Questions raised over Moti Dongor demolition notices

Gov notified it as slum, but Code of Communidade empowers Administrator to demolish

Gov notified it as slum, but Code of Communidade empowers Administrator to demolish  

TEAM HERALD 

teamherald@herald-goa.com

MARGAO: Even as the Administrator of Communidades, South Zone, has completed its exercise of serving demolition notices on the residents of Moti Dongor and adjoining Talsanzor, many an eyebrow is being raised in legal circles over the government’s silence on the notifications notifying Moti Dongor as a slum and the decision to invoke the Goa Land (Prohibition on Construction) Act, 1995, to raze down the structures.

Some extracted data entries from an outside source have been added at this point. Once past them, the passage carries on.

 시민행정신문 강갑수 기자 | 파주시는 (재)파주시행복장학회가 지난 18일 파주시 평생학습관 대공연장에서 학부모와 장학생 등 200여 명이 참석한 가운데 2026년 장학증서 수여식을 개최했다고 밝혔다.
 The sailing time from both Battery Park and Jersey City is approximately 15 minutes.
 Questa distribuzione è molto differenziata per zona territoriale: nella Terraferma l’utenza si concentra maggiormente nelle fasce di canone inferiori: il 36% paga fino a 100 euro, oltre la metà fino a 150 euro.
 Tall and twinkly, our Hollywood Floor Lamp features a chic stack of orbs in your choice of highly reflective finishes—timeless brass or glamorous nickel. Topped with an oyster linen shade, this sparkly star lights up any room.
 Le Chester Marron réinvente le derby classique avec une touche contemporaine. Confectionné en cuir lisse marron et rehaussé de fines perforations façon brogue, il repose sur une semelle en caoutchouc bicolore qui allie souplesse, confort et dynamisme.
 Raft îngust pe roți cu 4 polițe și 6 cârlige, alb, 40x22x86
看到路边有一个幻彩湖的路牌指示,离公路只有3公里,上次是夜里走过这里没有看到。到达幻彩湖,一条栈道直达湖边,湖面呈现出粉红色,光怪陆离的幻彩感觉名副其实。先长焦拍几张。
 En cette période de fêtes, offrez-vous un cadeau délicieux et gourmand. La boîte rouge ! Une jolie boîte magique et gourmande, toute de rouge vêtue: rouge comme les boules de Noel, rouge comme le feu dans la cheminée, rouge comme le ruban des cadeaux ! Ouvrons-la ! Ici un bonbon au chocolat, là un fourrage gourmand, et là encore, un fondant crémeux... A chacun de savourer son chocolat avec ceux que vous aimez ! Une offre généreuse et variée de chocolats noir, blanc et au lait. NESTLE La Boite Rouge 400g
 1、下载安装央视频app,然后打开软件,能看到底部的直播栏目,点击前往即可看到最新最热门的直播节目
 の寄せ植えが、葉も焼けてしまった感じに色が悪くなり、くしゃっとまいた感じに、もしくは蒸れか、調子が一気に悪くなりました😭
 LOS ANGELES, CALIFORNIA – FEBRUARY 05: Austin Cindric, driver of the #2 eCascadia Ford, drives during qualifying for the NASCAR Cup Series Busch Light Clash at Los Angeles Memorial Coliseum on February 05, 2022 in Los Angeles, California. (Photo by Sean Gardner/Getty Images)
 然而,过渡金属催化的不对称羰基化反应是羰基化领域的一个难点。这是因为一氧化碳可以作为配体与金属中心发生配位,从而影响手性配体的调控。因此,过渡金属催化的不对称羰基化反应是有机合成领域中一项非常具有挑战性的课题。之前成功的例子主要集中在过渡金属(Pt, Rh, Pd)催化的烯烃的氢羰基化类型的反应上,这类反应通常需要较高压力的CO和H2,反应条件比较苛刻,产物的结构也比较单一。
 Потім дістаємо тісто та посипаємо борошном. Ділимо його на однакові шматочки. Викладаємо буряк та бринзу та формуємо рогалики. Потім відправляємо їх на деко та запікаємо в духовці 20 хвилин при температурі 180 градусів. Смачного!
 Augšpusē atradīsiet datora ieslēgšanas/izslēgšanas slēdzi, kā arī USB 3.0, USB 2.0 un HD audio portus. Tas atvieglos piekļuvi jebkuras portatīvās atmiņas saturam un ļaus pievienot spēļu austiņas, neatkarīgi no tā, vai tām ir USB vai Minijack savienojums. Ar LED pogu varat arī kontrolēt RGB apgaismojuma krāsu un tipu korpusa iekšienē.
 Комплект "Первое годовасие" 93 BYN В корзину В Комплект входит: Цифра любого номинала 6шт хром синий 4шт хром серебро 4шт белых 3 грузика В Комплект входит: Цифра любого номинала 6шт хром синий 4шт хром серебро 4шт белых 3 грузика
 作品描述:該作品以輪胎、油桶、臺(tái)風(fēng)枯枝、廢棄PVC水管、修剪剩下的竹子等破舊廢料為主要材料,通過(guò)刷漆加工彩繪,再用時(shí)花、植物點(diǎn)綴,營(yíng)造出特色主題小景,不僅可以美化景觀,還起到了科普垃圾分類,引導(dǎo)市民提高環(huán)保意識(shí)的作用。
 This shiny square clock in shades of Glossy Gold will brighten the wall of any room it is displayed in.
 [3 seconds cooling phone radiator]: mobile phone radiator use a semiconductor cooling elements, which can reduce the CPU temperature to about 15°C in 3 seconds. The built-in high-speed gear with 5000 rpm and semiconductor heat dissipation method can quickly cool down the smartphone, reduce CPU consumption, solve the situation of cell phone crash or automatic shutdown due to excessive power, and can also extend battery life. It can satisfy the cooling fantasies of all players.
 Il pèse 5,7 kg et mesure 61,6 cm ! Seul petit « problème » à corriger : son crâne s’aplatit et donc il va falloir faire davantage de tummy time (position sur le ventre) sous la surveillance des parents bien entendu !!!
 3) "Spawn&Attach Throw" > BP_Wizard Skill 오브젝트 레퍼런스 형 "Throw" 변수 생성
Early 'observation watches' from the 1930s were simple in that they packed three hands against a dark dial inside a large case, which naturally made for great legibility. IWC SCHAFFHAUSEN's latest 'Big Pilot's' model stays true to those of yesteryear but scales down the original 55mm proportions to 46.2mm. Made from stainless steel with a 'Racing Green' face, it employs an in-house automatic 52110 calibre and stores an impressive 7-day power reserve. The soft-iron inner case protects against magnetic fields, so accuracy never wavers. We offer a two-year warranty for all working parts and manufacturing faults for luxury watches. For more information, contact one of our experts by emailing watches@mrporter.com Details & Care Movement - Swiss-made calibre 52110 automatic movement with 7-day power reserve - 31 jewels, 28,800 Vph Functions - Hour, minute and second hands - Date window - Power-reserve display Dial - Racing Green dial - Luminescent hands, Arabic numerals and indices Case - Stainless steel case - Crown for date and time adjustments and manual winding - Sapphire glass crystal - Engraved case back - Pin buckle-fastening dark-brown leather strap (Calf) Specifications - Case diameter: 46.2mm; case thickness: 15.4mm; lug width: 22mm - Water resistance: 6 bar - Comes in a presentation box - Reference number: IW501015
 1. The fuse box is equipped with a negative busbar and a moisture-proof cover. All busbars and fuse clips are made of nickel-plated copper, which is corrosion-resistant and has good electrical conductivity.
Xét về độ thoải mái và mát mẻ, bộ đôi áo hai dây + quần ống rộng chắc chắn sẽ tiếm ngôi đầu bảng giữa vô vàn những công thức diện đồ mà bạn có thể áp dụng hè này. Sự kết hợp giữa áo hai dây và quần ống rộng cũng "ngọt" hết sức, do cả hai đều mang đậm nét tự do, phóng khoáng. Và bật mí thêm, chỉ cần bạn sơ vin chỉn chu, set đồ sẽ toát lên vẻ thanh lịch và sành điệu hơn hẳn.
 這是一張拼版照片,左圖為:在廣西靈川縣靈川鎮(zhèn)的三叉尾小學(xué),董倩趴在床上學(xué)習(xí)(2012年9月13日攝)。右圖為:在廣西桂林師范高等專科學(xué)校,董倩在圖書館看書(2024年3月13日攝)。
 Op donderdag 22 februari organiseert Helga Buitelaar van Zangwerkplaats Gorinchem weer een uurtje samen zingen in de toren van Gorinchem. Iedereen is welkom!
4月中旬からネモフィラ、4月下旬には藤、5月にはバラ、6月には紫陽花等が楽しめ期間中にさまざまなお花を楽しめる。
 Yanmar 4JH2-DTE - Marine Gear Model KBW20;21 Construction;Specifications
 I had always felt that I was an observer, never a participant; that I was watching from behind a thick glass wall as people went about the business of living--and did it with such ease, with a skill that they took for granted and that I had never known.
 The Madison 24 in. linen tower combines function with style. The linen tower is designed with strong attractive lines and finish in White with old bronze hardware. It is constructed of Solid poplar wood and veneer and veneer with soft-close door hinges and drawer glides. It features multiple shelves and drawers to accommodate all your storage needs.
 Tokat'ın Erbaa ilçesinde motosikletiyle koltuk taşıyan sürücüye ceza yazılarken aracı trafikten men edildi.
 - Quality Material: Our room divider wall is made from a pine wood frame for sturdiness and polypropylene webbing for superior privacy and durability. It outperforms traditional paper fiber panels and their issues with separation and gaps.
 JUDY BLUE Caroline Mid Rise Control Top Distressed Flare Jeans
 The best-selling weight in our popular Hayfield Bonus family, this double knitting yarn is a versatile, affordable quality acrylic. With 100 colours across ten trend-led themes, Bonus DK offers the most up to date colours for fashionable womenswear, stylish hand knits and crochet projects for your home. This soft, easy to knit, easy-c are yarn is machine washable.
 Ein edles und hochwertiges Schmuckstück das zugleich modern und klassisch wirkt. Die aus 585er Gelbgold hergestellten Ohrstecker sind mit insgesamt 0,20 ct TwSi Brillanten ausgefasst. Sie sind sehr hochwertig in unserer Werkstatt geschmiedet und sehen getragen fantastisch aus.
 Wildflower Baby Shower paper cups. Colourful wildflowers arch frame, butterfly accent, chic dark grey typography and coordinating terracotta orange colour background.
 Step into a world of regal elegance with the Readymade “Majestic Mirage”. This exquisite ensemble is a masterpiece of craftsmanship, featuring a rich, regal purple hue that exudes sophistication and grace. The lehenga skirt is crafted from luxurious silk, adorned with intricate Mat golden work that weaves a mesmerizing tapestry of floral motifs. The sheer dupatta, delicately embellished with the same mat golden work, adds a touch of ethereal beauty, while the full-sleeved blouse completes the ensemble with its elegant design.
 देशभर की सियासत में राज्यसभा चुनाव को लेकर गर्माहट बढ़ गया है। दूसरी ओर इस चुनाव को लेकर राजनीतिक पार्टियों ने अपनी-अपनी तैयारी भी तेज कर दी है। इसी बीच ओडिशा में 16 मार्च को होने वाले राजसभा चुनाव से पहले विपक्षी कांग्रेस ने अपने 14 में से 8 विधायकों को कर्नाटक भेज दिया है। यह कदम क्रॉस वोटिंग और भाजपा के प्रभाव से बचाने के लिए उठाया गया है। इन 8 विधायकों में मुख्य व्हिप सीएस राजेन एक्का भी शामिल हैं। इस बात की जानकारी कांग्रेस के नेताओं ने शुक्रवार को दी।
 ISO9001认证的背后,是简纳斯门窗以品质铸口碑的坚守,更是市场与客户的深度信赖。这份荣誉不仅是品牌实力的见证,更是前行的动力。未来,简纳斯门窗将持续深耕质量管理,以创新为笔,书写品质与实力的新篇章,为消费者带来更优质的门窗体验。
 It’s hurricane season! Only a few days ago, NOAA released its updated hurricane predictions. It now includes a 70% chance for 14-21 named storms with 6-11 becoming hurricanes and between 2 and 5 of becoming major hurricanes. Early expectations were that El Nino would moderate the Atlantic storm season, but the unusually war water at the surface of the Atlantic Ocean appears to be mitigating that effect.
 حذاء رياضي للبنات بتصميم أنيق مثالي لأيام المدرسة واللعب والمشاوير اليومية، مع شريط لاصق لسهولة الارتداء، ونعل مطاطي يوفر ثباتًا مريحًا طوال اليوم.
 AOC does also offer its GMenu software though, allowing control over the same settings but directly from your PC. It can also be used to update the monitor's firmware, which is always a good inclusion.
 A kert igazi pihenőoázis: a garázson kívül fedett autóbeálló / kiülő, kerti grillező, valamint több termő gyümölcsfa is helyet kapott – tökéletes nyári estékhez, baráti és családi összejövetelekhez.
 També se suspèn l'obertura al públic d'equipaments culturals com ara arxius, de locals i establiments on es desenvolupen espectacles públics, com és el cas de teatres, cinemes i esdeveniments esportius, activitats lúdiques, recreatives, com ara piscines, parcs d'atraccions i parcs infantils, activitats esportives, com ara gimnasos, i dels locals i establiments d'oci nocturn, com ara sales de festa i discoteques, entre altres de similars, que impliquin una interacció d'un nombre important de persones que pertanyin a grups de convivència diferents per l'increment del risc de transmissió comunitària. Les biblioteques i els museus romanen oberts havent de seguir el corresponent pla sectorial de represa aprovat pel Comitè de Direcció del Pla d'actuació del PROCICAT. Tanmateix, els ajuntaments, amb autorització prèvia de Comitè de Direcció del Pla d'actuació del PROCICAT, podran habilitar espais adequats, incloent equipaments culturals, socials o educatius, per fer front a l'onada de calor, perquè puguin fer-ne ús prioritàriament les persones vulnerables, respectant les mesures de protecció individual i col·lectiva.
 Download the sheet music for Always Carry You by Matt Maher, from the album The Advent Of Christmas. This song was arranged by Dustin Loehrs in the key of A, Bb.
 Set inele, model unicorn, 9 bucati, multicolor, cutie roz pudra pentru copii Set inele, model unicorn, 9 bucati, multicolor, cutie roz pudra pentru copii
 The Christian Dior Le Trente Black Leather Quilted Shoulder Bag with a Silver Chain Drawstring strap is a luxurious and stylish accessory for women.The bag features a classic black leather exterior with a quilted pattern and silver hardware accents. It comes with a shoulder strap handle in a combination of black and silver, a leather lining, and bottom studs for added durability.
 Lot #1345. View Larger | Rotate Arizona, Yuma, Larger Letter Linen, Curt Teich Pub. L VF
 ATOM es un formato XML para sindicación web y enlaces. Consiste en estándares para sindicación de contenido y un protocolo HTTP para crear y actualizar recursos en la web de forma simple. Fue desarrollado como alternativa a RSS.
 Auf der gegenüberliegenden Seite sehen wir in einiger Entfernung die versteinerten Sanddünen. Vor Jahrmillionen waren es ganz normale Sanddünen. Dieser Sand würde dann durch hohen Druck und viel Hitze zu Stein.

Questions are being raised whether the Administrator of Communidades can demolish all structures on Moti Dongor, including structures existing prior to the coming into force of the Goa Land (Prohibition on Construction) Act in 1995.

Constitutional lawyer Adv Cleofato Coutinho wondered how the authorities could raze down structures atop Moti Dongor under the Goa Land (Prohibition on Construction) Act, 1995, when the Act came into force in 1995.

When this query was posed to the District Collector, South N D Agrawal, he said the notice of removal also speaks of action against the structures on other enabling provision of the law of the land. He, however, could not state why the Administrator of Communidades did not invoke the provisions of the law of the land in the removal notice.

What’s interesting to note is that the Collector said that the Code of Communidade empowers the Administrator to raze down illegal constructions on Communidade land, but had no answer when asked why the authorities did not invoke the provisions of the Code to initiate action against the structures.

Adv Coutinho also demanded to know how the authorities could go ahead with the demolition when there’s a government notification declaring Moti Dongor a slum. “The notification might have been issued with the intention to provide basic necessities such as water and power, but still the government’s intention was to develop the area as a slum,” he added.

Interestingly, the question whether Moti Dongor was a notified slum or not was not tested in the High Court while hearing the Public Interest Litigation filed by Mumbai-based lawyer, Adv Sanjiv Punalyekar, since the government filed an undertaking that all illegal structures will be identified and razed down.